**What you are asked to do**. Each line of the material must be repeated precisely, with the pictures left out.

**Dataset extract**.
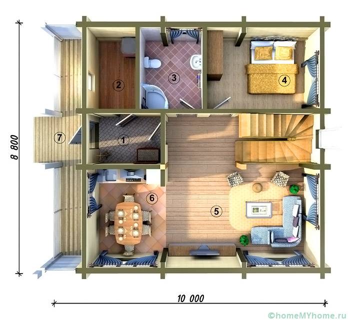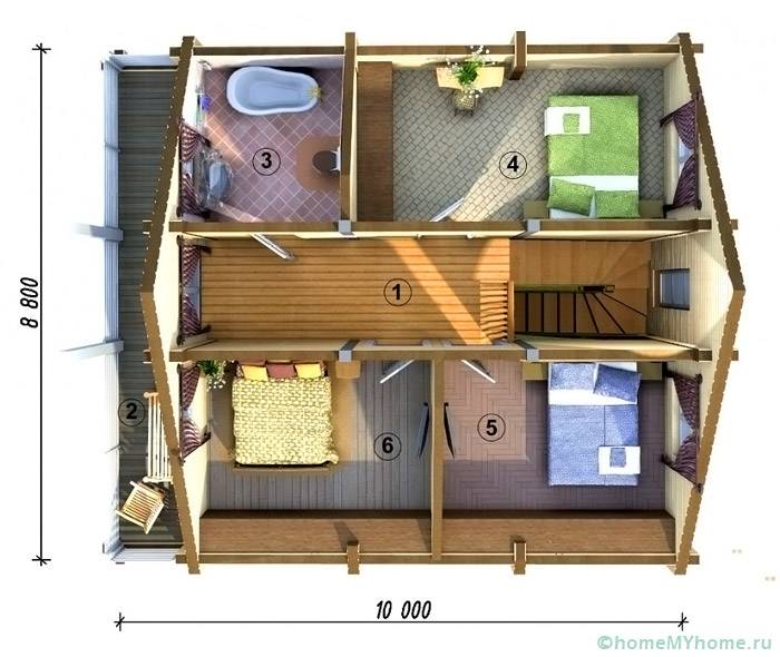 With such dimensions, it is unlikely that it will be possible to experiment with the layout. There are not so many options left as in the case of large structures. However, it is still possible to achieve a convenient location of the premises.
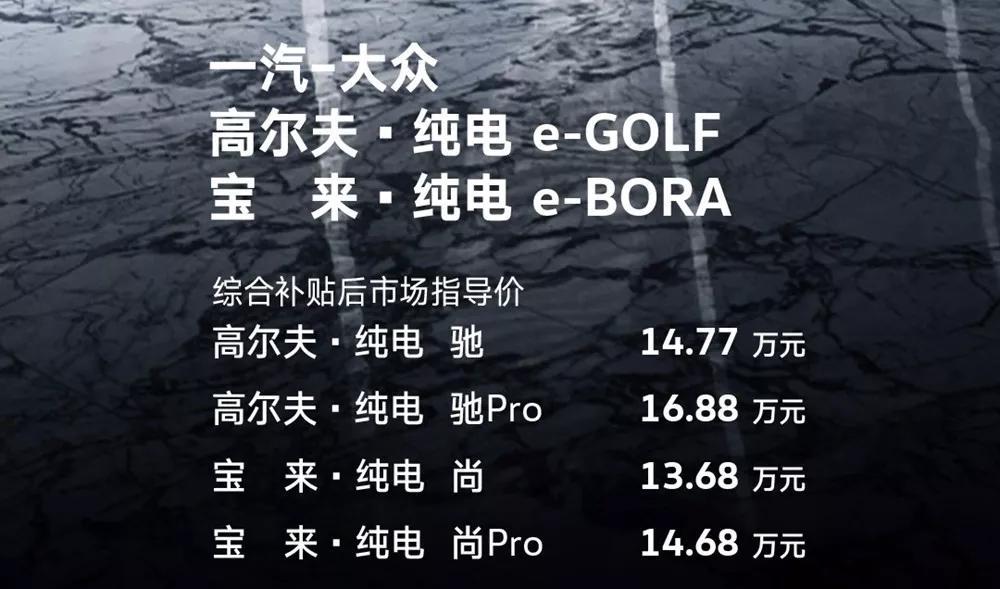 10月29日,一汽-大众高尔夫·纯电和宝来·纯电车型正式上市,其中高尔夫·纯电综合补贴后售价为14.77-16.88万元;宝来·纯电综合补贴后售价为13.68-14.68万元。
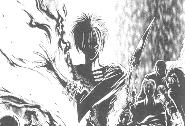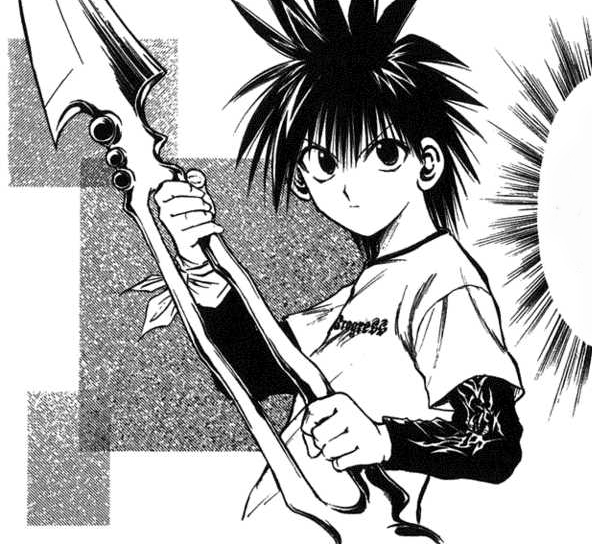 เด็กหนุ่มผมยาวหน้าสวย ในอดีตเขาได้สูญเสียพี่สาวที่ถูกกลุ่มคนลึกลับ (กลุ่มอุรุฮะของคุเร) ฆ่าตายไปต่อหน้าต่อตา คราวแรกตัวเขาก็ได้ถูกคาเงโฮชิชักพาให้เข้าไปสู่สังเวียนการต่อสู้ด้วยเช่นเดียวกัน ตัวเขาได้ต่อสู้กับเรกกะเพราะต้องการที่จะแยกยานางิที่มีใบหน้าที่เหมือนกับพี่สาวของตัวเองที่ตายไปให้ห่างจากการต่อสู้ ซึ่งจนกระทั่งได้เขามาเป็นส่วนหนึ่งของทีมเงาอัคคีเข้าร่วมในงานประลองโลกมืด เพื่อออกตามหา “คนที่ฆ่าพี่สาวของตนเอง” จนได้ล่วงรู้ว่าผู้ที่อยู่เบื้องหลังนั้นเป็น “เมงูริ เคียวสะ” อาจารย์ของตัวเขาเอง ตัวเขาได้ร่วมในการต่อสู้กับพวกเรกกะเพื่อยับยั้งโมริ โครันที่ได้ปลุกสวรรค์มิคสัญญีที่กลายเป็นเทนโดจิโกคุในศึกสุดท้าย
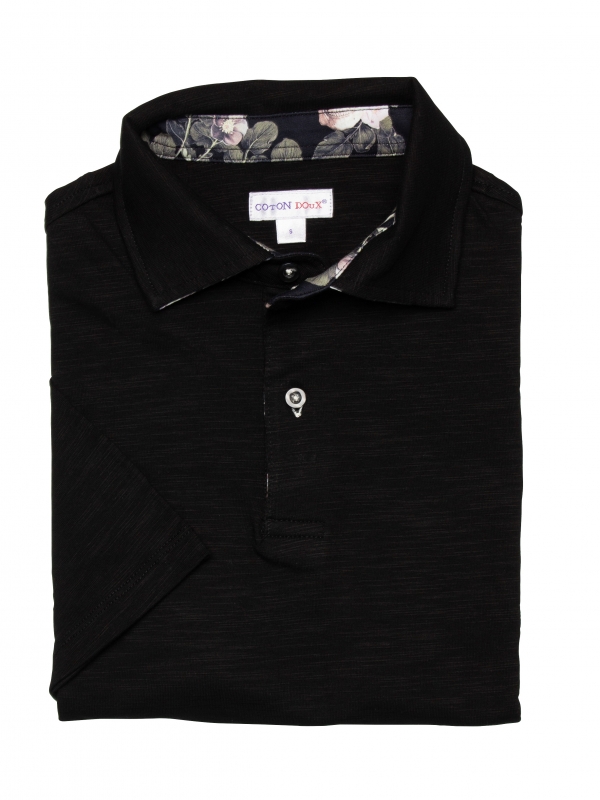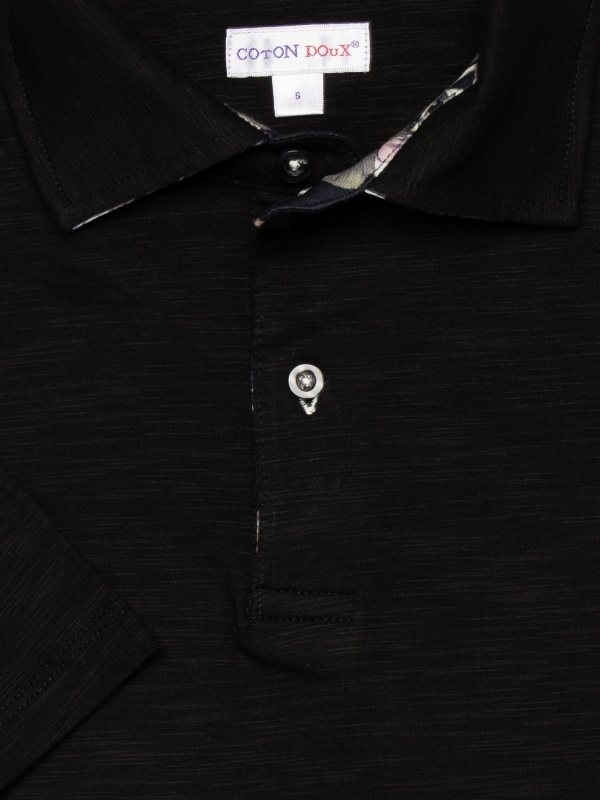 Subtly bring out the rocker in you with this black regular fit polo shirt with skull and flower inner lining print. Leave the cotton pique collar and two-button placket slightly open to keep things mysterious, and complement the slim fit with cream trousers for an elevated look. The pure cotton composition and sleeves are sure to make you a fan… Coton Doux dares you to resist!

**Solution to this task**.
 With such dimensions, it is unlikely that it will be possible to experiment with the layout. There are not so many options left as in the case of large structures. However, it is still possible to achieve a convenient location of the premises.
 10月29日,一汽-大众高尔夫·纯电和宝来·纯电车型正式上市,其中高尔夫·纯电综合补贴后售价为14.77-16.88万元;宝来·纯电综合补贴后售价为13.68-14.68万元。
 เด็กหนุ่มผมยาวหน้าสวย ในอดีตเขาได้สูญเสียพี่สาวที่ถูกกลุ่มคนลึกลับ (กลุ่มอุรุฮะของคุเร) ฆ่าตายไปต่อหน้าต่อตา คราวแรกตัวเขาก็ได้ถูกคาเงโฮชิชักพาให้เข้าไปสู่สังเวียนการต่อสู้ด้วยเช่นเดียวกัน ตัวเขาได้ต่อสู้กับเรกกะเพราะต้องการที่จะแยกยานางิที่มีใบหน้าที่เหมือนกับพี่สาวของตัวเองที่ตายไปให้ห่างจากการต่อสู้ ซึ่งจนกระทั่งได้เขามาเป็นส่วนหนึ่งของทีมเงาอัคคีเข้าร่วมในงานประลองโลกมืด เพื่อออกตามหา “คนที่ฆ่าพี่สาวของตนเอง” จนได้ล่วงรู้ว่าผู้ที่อยู่เบื้องหลังนั้นเป็น “เมงูริ เคียวสะ” อาจารย์ของตัวเขาเอง ตัวเขาได้ร่วมในการต่อสู้กับพวกเรกกะเพื่อยับยั้งโมริ โครันที่ได้ปลุกสวรรค์มิคสัญญีที่กลายเป็นเทนโดจิโกคุในศึกสุดท้าย
 Subtly bring out the rocker in you with this black regular fit polo shirt with skull and flower inner lining print. Leave the cotton pique collar and two-button placket slightly open to keep things mysterious, and complement the slim fit with cream trousers for an elevated look. The pure cotton composition and sleeves are sure to make you a fan… Coton Doux dares you to resist!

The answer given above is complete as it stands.